(Material to process begins)

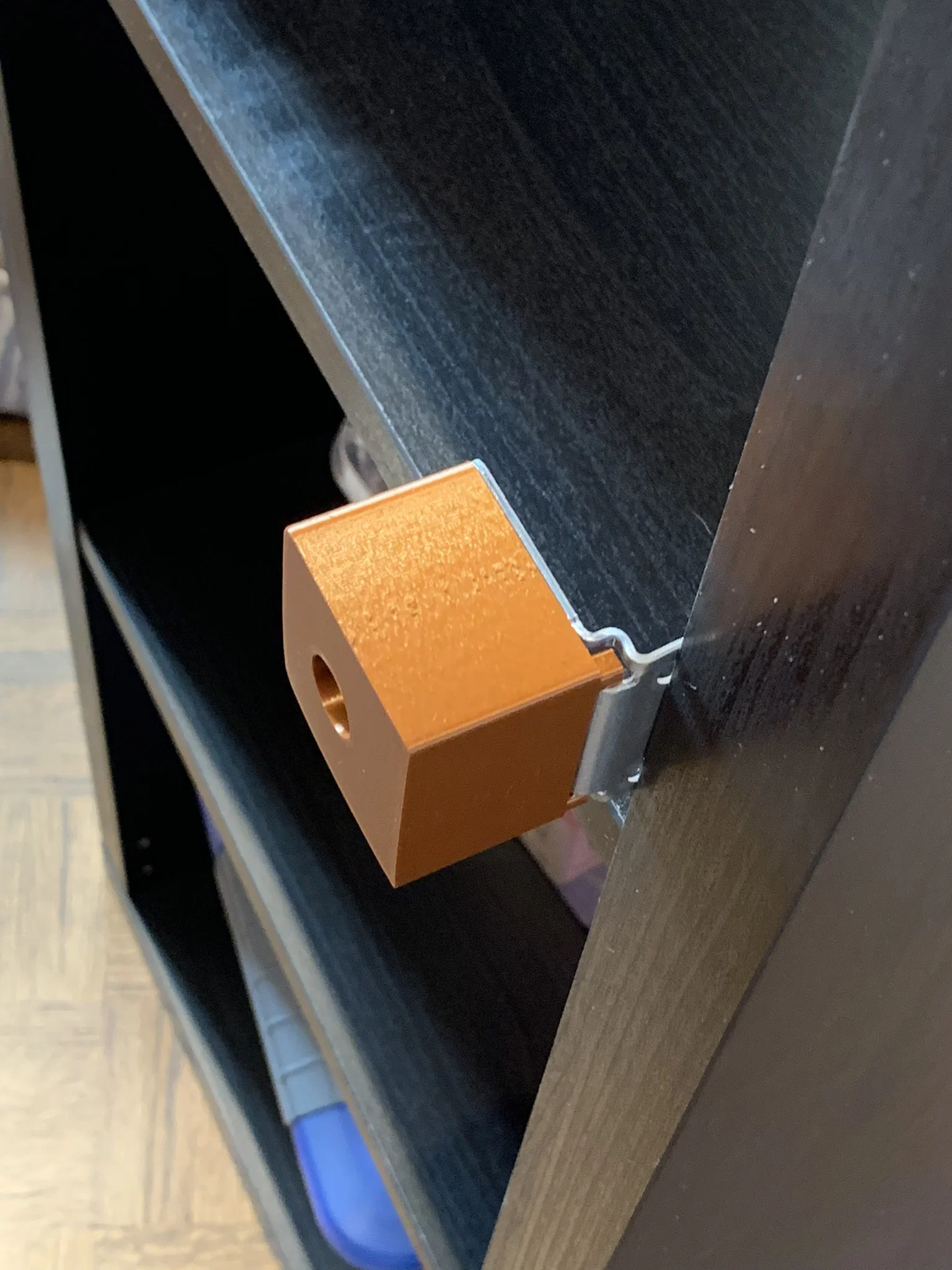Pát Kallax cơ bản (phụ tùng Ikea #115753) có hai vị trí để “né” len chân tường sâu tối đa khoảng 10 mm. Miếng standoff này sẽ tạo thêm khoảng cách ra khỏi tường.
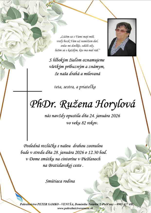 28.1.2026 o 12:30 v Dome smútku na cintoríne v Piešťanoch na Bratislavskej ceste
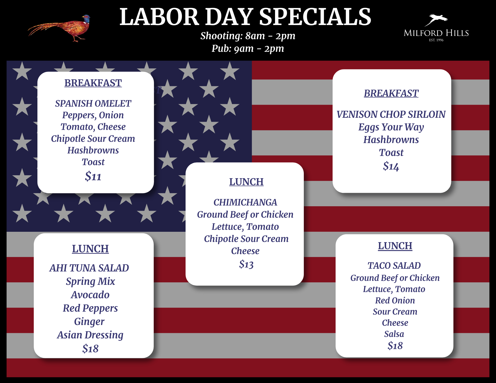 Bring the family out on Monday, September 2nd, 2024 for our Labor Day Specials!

(Material to process ends)
(Material to process begins)

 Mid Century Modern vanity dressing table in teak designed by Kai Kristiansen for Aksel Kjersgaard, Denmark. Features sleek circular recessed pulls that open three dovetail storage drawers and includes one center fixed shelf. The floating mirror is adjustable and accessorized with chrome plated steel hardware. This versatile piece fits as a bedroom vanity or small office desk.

(Material to process ends)

▶ **What you should do**
Look above and copy only the lines from the one holding "Pát Kallax cơ" to the one holding "28.1.2026 o 12:30", both included, exactly, minus the pictures.

▶ **Exercise solution**
Pát Kallax cơ bản (phụ tùng Ikea #115753) có hai vị trí để “né” len chân tường sâu tối đa khoảng 10 mm. Miếng standoff này sẽ tạo thêm khoảng cách ra khỏi tường.
 28.1.2026 o 12:30 v Dome smútku na cintoríne v Piešťanoch na Bratislavskej ceste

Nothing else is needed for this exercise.